What the task requires — Without reproducing any picture, copy the records word for word.

Records for the exercise —
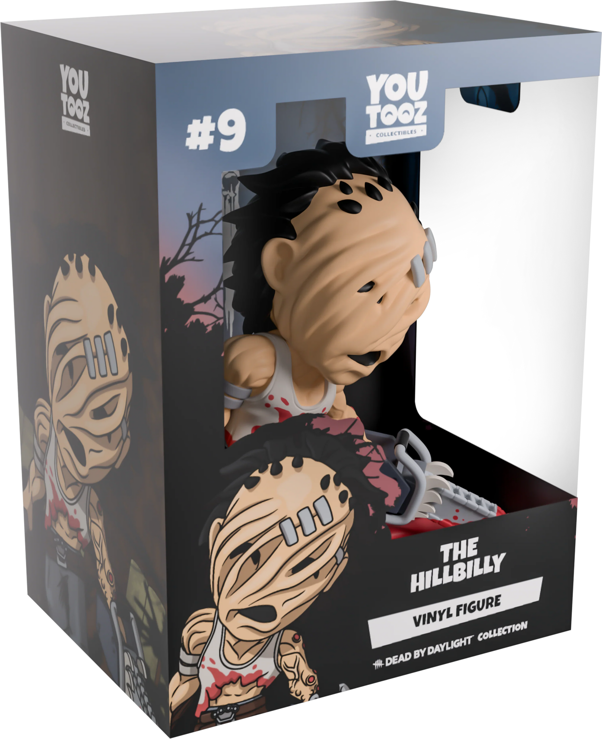 The sound of a chainsaw is not pleasant, especially when followed by the bloodcurdling scream of the Hillbilly! Standing 4.4 inches tall, this killer means business as he strides menacingly forward, his body leaning to the left and dragging a bloodied chainsaw across the ground. In his right hand, he holds a heavy hammer menacingly as his white tank top lies torn and bloodied over gray jeans and black boots. With his mutilated face stretching in grotesque bumps to meet the spiky black hair at the back of his head, thick gray staples on his forehead hold him together. The outside of his packaging sees him hiding in the deep underbrush. While the interior is a black silhouetted forest with a glowing red and blue mist and the white "Dead by Daylight" logo on the back, this sinister design then continues onto the protective sleeve with dark trees completely surrounding it as their silhouette can be seen through the large clear window on the front. This collectible comes in a protective matte, embossed outer sleeve and a custom-sized plastic protector for maximum protection during shipping.
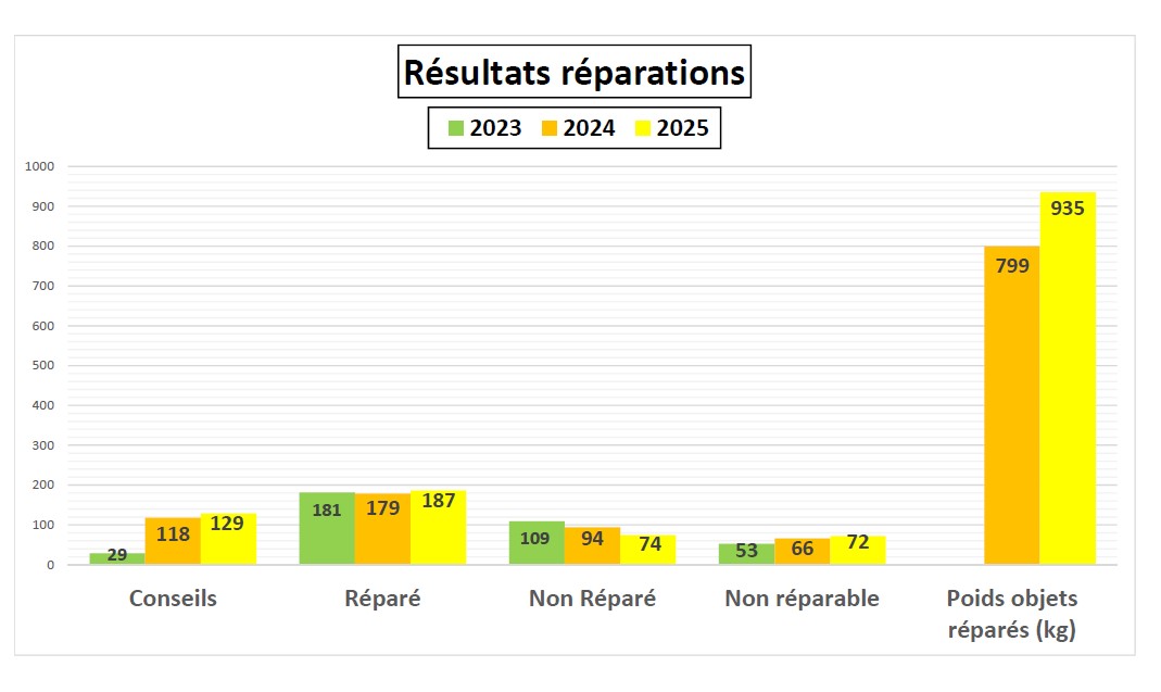 Cette année 47 % des objets passés en atelier ont été réparé, soit 935 Kgs d’objets qui ne rejoindront pas les déchetteries.
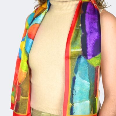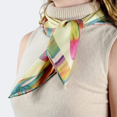 El Pañuelo Delgado de Seda Egeo 140 está inspirado en la pintura Mar de tarde. Egeo 140 es un pañuelo estilizado que muestra suaves pinceladas que intentan capturar el mar por la tarde. Evoca días de verano tranquilos y relajantes junto a la playa. Al llevarlo, es como llevar contigo un pedacito de verano, ya sea en la ciudad o frente al mar.
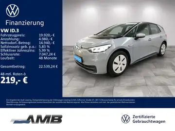 - Volkswagen ID.3 Pure LED/ACC/Navi/Sitzhzg/Lederlenkrad
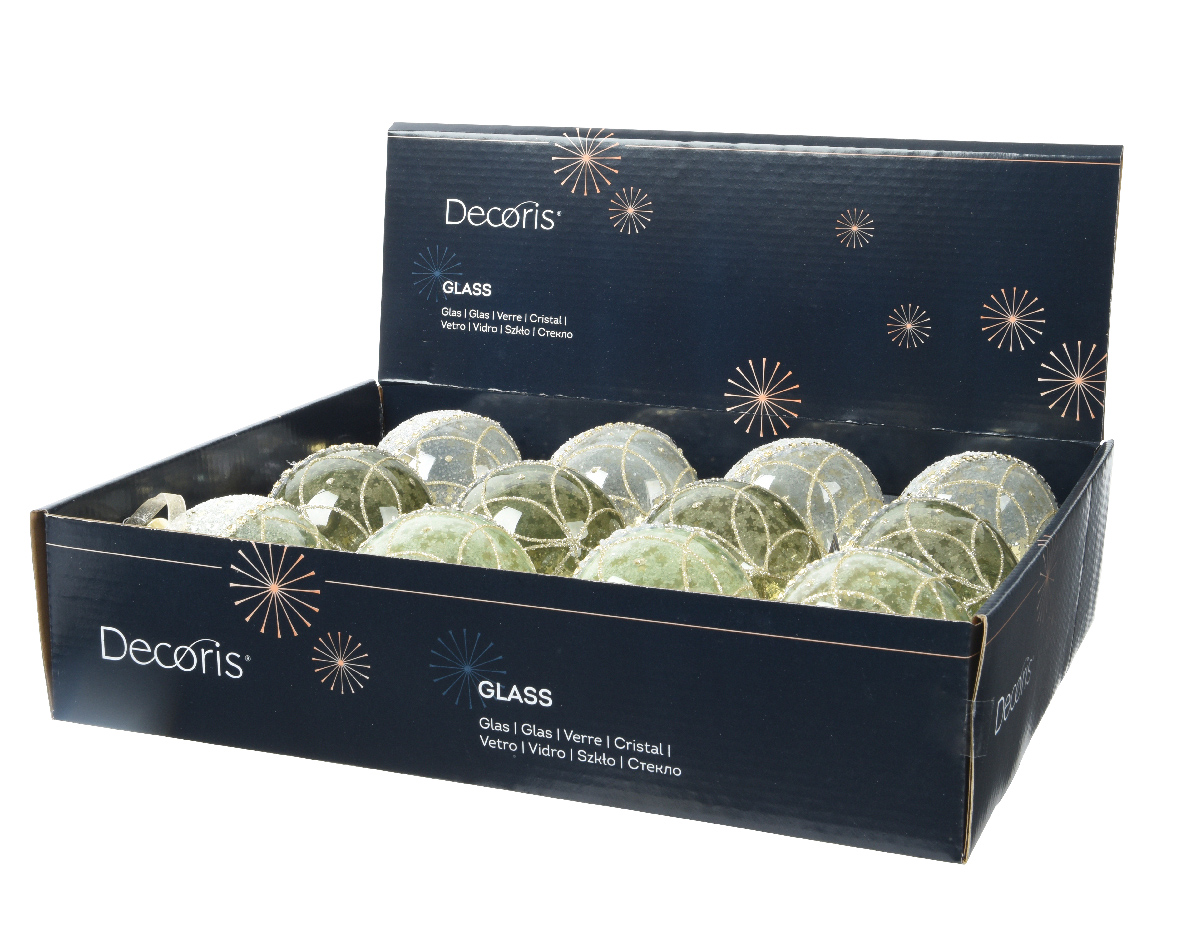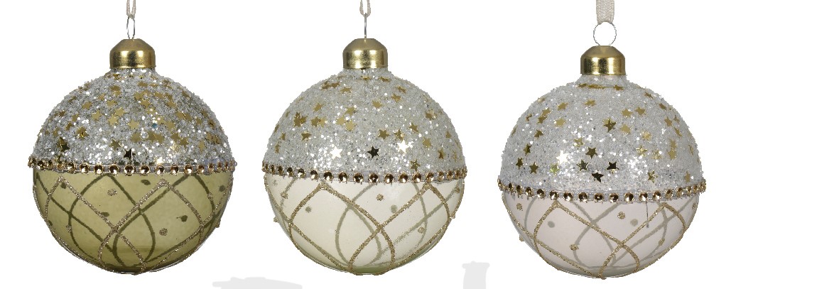 Σετ 12 τμχ χριστουγεννιάτικη ημιδιαφανής γυάλινη μπάλα σε τρία χρώματα λευκό, εκρού και σαμπανί.
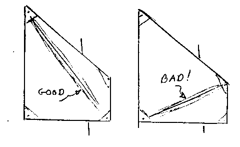 Here is some advice about how much to tension the tack line. It varies with wind strength. Look at the sail as you do it. See Figure 6. As you tension the sail with the force of the wind in the sail, stress folds called girts will appear in the sail. If the girt runs from throat to clew you need more tension. If the girt runs from head to tack you either have it right or can reduce the tension. A perfect setting will have no girts. Usually at the initial setup I put in a good girt from peak to tack. Then I watch it while sailing to see if that girt disappears. Then when convenient I trim as required. Remember that changing sailing conditions will change the tension requirements.
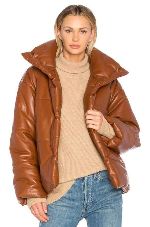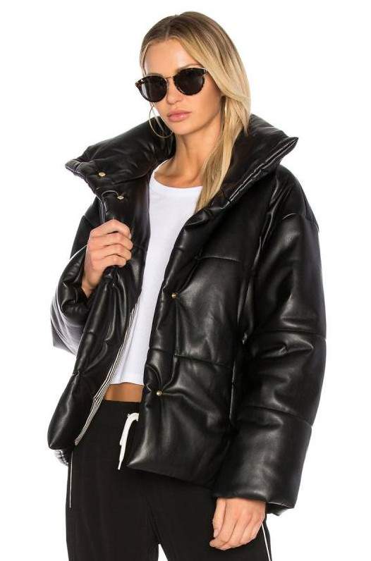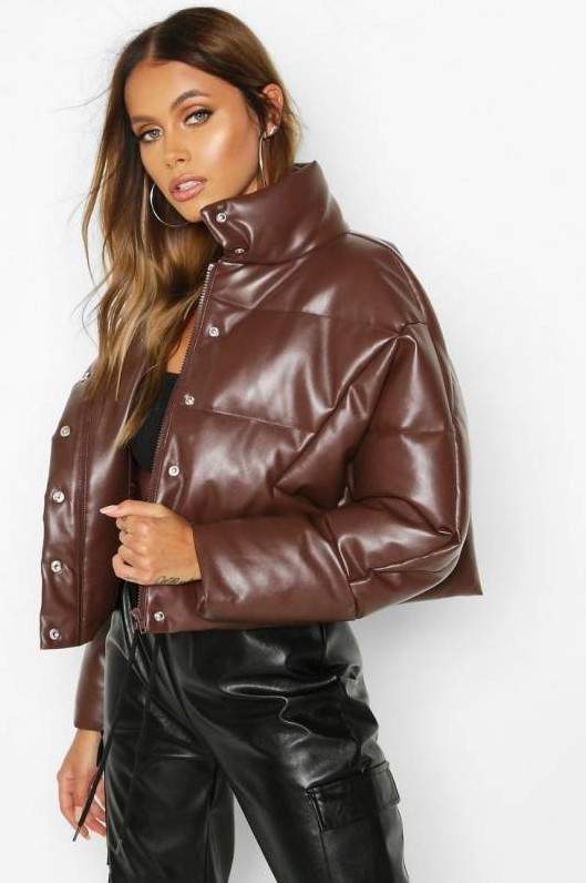 Faux Leather Puffer Jacket.
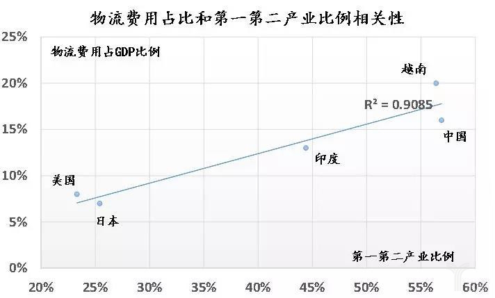 在農業、工業和服務業三大產業中,物流費用主要用于農業及工業,相對而言,服務業物流服務需求少。美國、日本、印度、中國、越南的第一第二產業比例和物流費用占GDP比例的相關性見下圖。很明顯,物流費用占GDP比例和第一第二產業比例高度相關,相關性達到0.9。
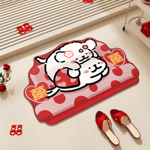 新婚装饰浴室地垫卡通吸水速干防滑脚垫喜庆卫生间进门硅藻泥地毯
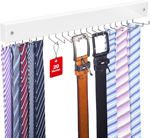For ties, belts, and other similar accessories, use this wall-mounted hanger for organization’s sake. It has 20 rotating hooks — adjust them vertically or horizontally as needed — that are nonslip, so nothing accidentally falls off. It’s simple to install, taking just minutes per Amazon reviewers.
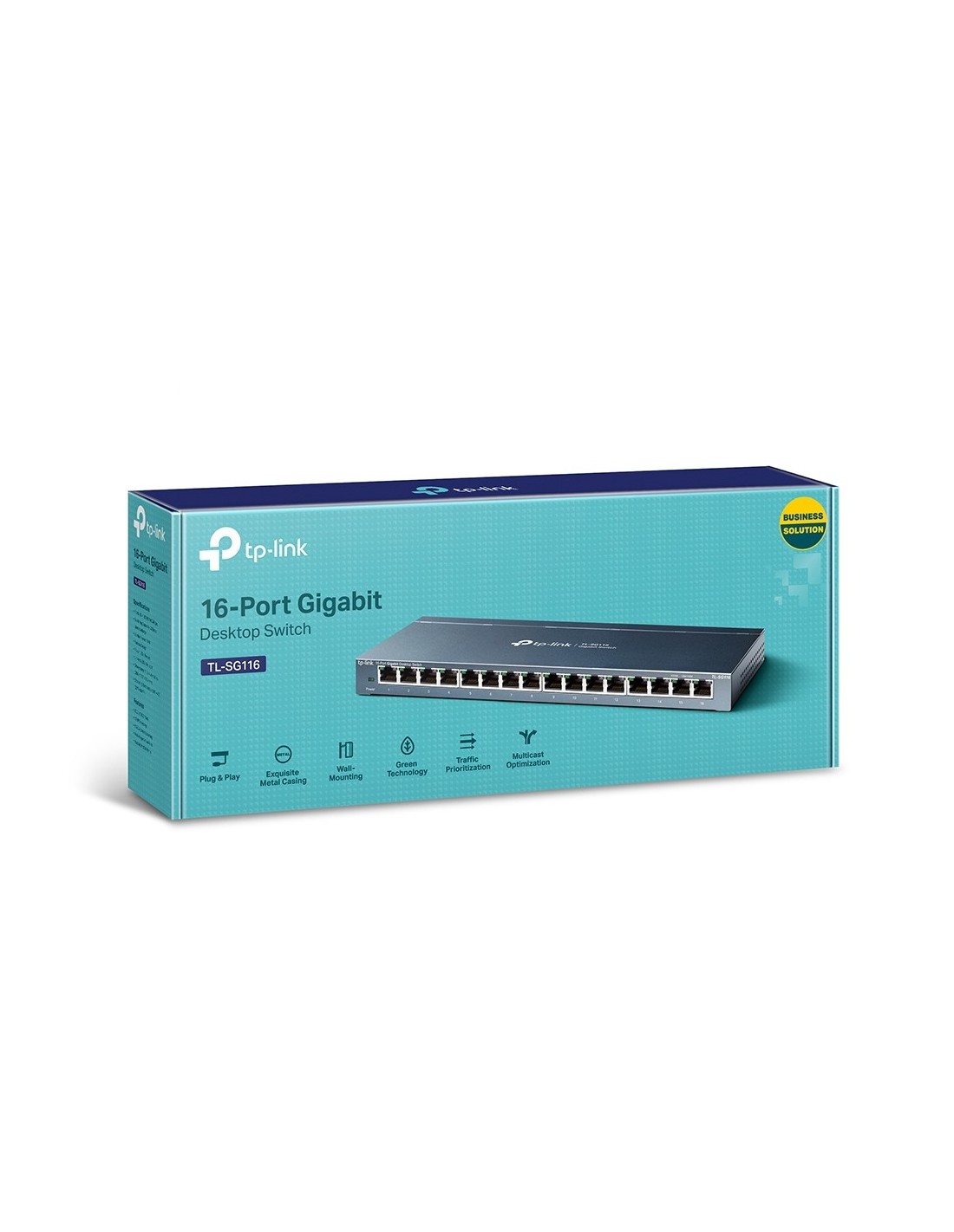TP-Link TL-SG116. Tipo de interruptor: No administrado. Puertos tipo básico de conmutación RJ-45 Ethernet: Gigabit Ethernet (10/100/1000), Cantidad de puertos básicos de conmutación RJ-45 Ethernet: 16. Bidireccional completo (Full duplex). Tabla de direcciones MAC: 8000 entradas, Capacidad de conmutación: 32 Gbit/s. Estándares de red: IEEE 802.1Q, IEEE 802.1p, IEEE 802.3, IEEE 802.3ab, IEEE 802.3u. Voltaje de entrada DC: 9 V. Montaje de pared

Reply —
 The sound of a chainsaw is not pleasant, especially when followed by the bloodcurdling scream of the Hillbilly! Standing 4.4 inches tall, this killer means business as he strides menacingly forward, his body leaning to the left and dragging a bloodied chainsaw across the ground. In his right hand, he holds a heavy hammer menacingly as his white tank top lies torn and bloodied over gray jeans and black boots. With his mutilated face stretching in grotesque bumps to meet the spiky black hair at the back of his head, thick gray staples on his forehead hold him together. The outside of his packaging sees him hiding in the deep underbrush. While the interior is a black silhouetted forest with a glowing red and blue mist and the white "Dead by Daylight" logo on the back, this sinister design then continues onto the protective sleeve with dark trees completely surrounding it as their silhouette can be seen through the large clear window on the front. This collectible comes in a protective matte, embossed outer sleeve and a custom-sized plastic protector for maximum protection during shipping.
 Cette année 47 % des objets passés en atelier ont été réparé, soit 935 Kgs d’objets qui ne rejoindront pas les déchetteries.
 El Pañuelo Delgado de Seda Egeo 140 está inspirado en la pintura Mar de tarde. Egeo 140 es un pañuelo estilizado que muestra suaves pinceladas que intentan capturar el mar por la tarde. Evoca días de verano tranquilos y relajantes junto a la playa. Al llevarlo, es como llevar contigo un pedacito de verano, ya sea en la ciudad o frente al mar.
 - Volkswagen ID.3 Pure LED/ACC/Navi/Sitzhzg/Lederlenkrad
 Σετ 12 τμχ χριστουγεννιάτικη ημιδιαφανής γυάλινη μπάλα σε τρία χρώματα λευκό, εκρού και σαμπανί.
 Here is some advice about how much to tension the tack line. It varies with wind strength. Look at the sail as you do it. See Figure 6. As you tension the sail with the force of the wind in the sail, stress folds called girts will appear in the sail. If the girt runs from throat to clew you need more tension. If the girt runs from head to tack you either have it right or can reduce the tension. A perfect setting will have no girts. Usually at the initial setup I put in a good girt from peak to tack. Then I watch it while sailing to see if that girt disappears. Then when convenient I trim as required. Remember that changing sailing conditions will change the tension requirements.
 Faux Leather Puffer Jacket.
 在農業、工業和服務業三大產業中,物流費用主要用于農業及工業,相對而言,服務業物流服務需求少。美國、日本、印度、中國、越南的第一第二產業比例和物流費用占GDP比例的相關性見下圖。很明顯,物流費用占GDP比例和第一第二產業比例高度相關,相關性達到0.9。
 新婚装饰浴室地垫卡通吸水速干防滑脚垫喜庆卫生间进门硅藻泥地毯
For ties, belts, and other similar accessories, use this wall-mounted hanger for organization’s sake. It has 20 rotating hooks — adjust them vertically or horizontally as needed — that are nonslip, so nothing accidentally falls off. It’s simple to install, taking just minutes per Amazon reviewers.
TP-Link TL-SG116. Tipo de interruptor: No administrado. Puertos tipo básico de conmutación RJ-45 Ethernet: Gigabit Ethernet (10/100/1000), Cantidad de puertos básicos de conmutación RJ-45 Ethernet: 16. Bidireccional completo (Full duplex). Tabla de direcciones MAC: 8000 entradas, Capacidad de conmutación: 32 Gbit/s. Estándares de red: IEEE 802.1Q, IEEE 802.1p, IEEE 802.3, IEEE 802.3ab, IEEE 802.3u. Voltaje de entrada DC: 9 V. Montaje de pared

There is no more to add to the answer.